I want to move on to the next stage of life. It’s time to settle down
My parents keep bugging me.
I want to grow.
All my friends are settling down.
I can finally afford a home.
I want kids.
We can relate to many of these sentiments. But they all have one thing in common. They’re all about meeting your own need.
Now, we’re not saying that marriage is a totally selfless endeavor. Marriage consists of two people and you’re one of them! It’s not a selfless experience, but it shouldn’t be a selfish experience either.
It’s a “selves” experience. Two people, two selves, and the way those two selves enjoy marriage is through giving.
here are certain things we’re all more or less ready for. We’re ready to be happy; we’re ready to spend wonderful quality time with the person we love. We’re ready for the kind of companionship that brings us joy and we’re ready to no longer be lonely. We’re all ready for the selfish benefits because we were born selfish. We’ve been very good at selfish pleasures since the day we were born. (If you’re that newborn baby that said to your mom, “Hey mom, you look tired. You just sleep. I’m happy to wait for a few hours before I have my next feed”, then you are the exception.)

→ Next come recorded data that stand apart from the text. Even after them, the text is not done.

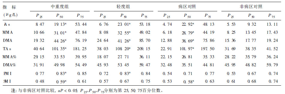 2 结 果 2.1 尿砷及甲基化水平( 表 1)| 表 1 不同人群尿砷形态与砷甲基化水平( 6例) |
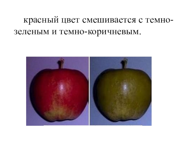 Слайд 6красный цвет смешивается с темно-зеленым и темно-коричневым.
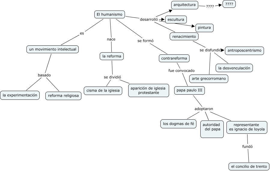 Este mapa conceptual tiene información relacionada a: 18-Milagros Moreno García, contrareforma fue convocado papa paulo III, papa paulo III adoptaron los dogmas de fé, El humanismo desarrolló pintura, El humanismo nace la reforma, papa paulo III adoptaron autoridad del papa, la reforma se dividió cisma de la iglesia, papa paulo III adoptaron representante es ignacio de loyola, El humanismo desarrolló renacimiento, arquitectura ???? ????, la reforma se dividió aparición de iglesia protestante

There is a lot more to a relationship than what you get.
Being married is like sharing a blanket. There are two ways to share a blanket. If I’m making sure that I’m warm and you’re making sure that you’re warm, we’re both going to spend the night having the blanket pulled off us by the other person. But if we both make it our business to ensure that the other person is warm, then we’ll spend the night feeling someone putting the blanket over our shoulder, as we do the same for them.
Judaism views marriage not as the next selfish stage in the development of one’s own needs and aspirations, but as an ongoing training in one’s ability to give. Committing to that relationship requires being at a place in your own emotional development where you are ready to strive to become a truly committed giver. Am I ready to stop thinking “me” and start thinking “we”?

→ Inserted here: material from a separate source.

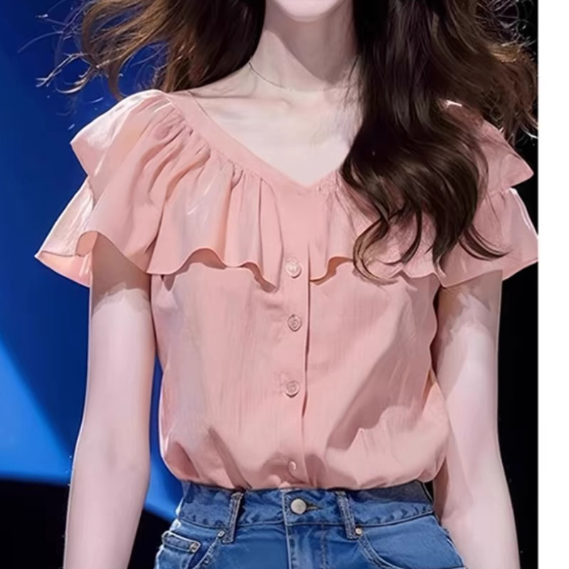 Pink ruffled flying sleeves new short-sleeved women's shirt

Thinking “we” means that if my spouse is happy, I’m happy. Thinking “we” means that if we’re in a fight, we’re both losers. Thinking “we” means that if we disagree on something, we’re committed to finding a solution that we’re both happy with. Thinking “we” means that when we need to compromise, it’s not a question of me waiting to see how much you’re willing to sacrifice to make me happy. It’s a question of how far I can go to make you happy, and the word sacrifice doesn’t come in to it, because when I’m giving to my partner, I am giving to us.
If you can view your spouse as an integral part of you and stretch your definition of self to include your significant other, then giving to them is like giving to yourself. Making them happy makes you happy. There’s no sacrifice.

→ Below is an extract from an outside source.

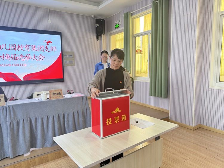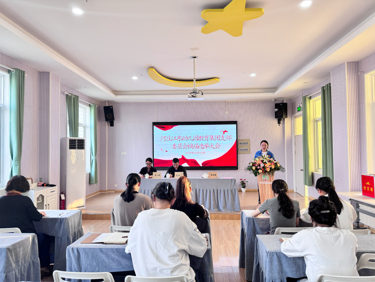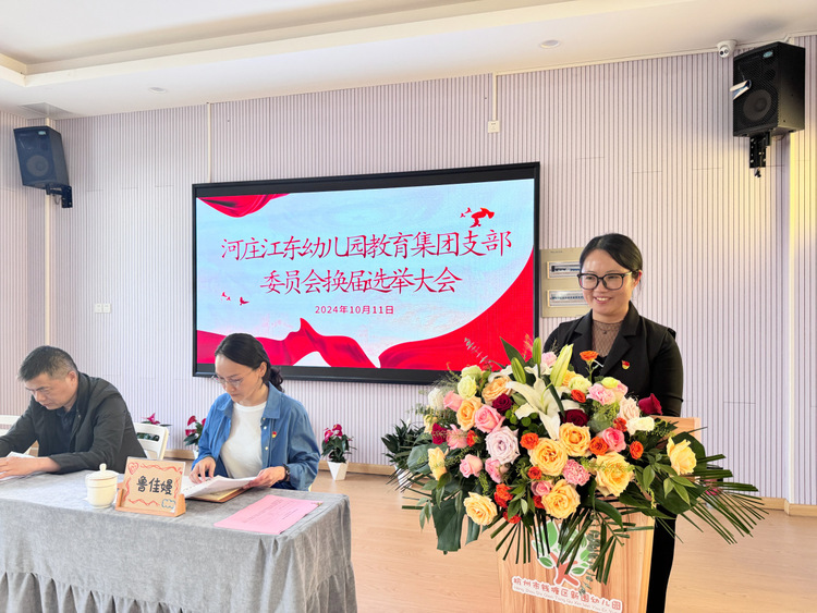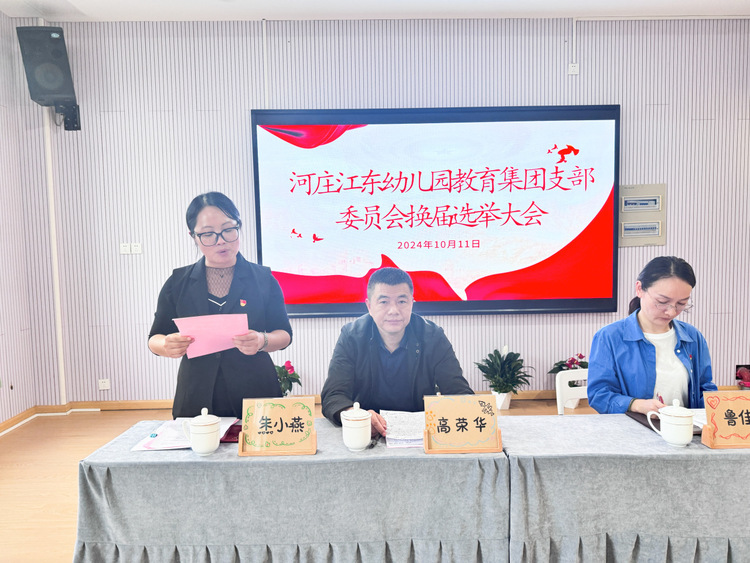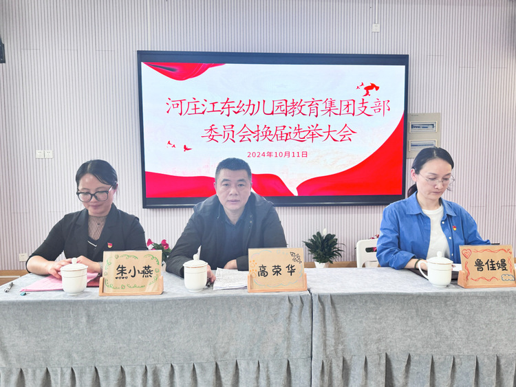 为进一步加强基层党组织建设,充分发挥党支部的政治核心作用,按照上级党组织的安排部署,依照《中国共产党章程》《中国共产党基层组织选举工作条例》,中共杭州市钱塘区江东幼儿园教育集团党支部于2024年10月11日下午举行换届选举大会。杭州市钱塘区教育局党建办高荣华同志莅临本次会议,鲁佳嫚同志主持本次会议。

So what prevents us from being more of a giver?
For people whose nature allows them to give easily, being ready to give in a marriage is pretty straight forward. (If anything, their challenge might be allowing themselves to be given to, but that’s a different conversation!) If you’re used to putting yourself first, which is very normal, getting ready for marriage consists of becoming conscious of this tendency and expanding your consciousness to include others.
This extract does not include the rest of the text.